Various real-world challenges require planning algorithms that can adapt to a broad range of domains. Traditionally, the creation of planning domains has relied heavily on human implementation, which limits the scale and diversity of available domains. While recent advancements have leveraged generative AI technologies such as large language models (LLMs) for domain creation, these efforts have predominantly focused on translating existing domains from natural language descriptions rather than generating novel ones. In contrast, the concept of domain randomization, which has been highly effective in reinforcement learning, enhances performance and generalizability by training on a diverse array of randomized new domains. Inspired by this success, our tool, PDDLFuse, aims to bridge this gap in Planning Domain Definition Language (PDDL). PDDLFuse is designed to generate new, diverse planning domains that can be used to validate new planners or test foundational planning models.
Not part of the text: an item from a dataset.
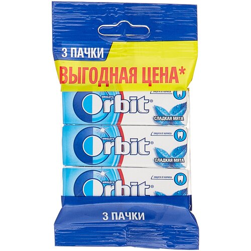 Orbit Сладкая мята жевательная резинка 3 пачки по 13,6 г

We have developed methods to adjust the domain generators parameters to modulate the difficulty of the domains it generates. This adaptability is crucial as existing domain-independent planners often struggle with more complex problems. Initial tests indicate that PDDLFuse efficiently creates intricate and varied domains, representing a significant advancement over traditional domain generation methods and making a contribution towards planning research.

Paper Structure

This paper contains 39 sections, 4 figures, 217 tables, 4 algorithms.

Figures (4)

  • Figure 1: 15 Objects -- Fast Downward Planner
  • Figure 2: 15 Objects -- LPG Planner
  • Figure 3: Solvability heat maps for domains with 15 objects, evaluated using the Fast Downward planner with lmcut heuristic across varied parameter configurations.
  • Figure 4: Solvability heat maps for domains with 15 objects, evaluated using the LPG Planner across varied parameter configurations.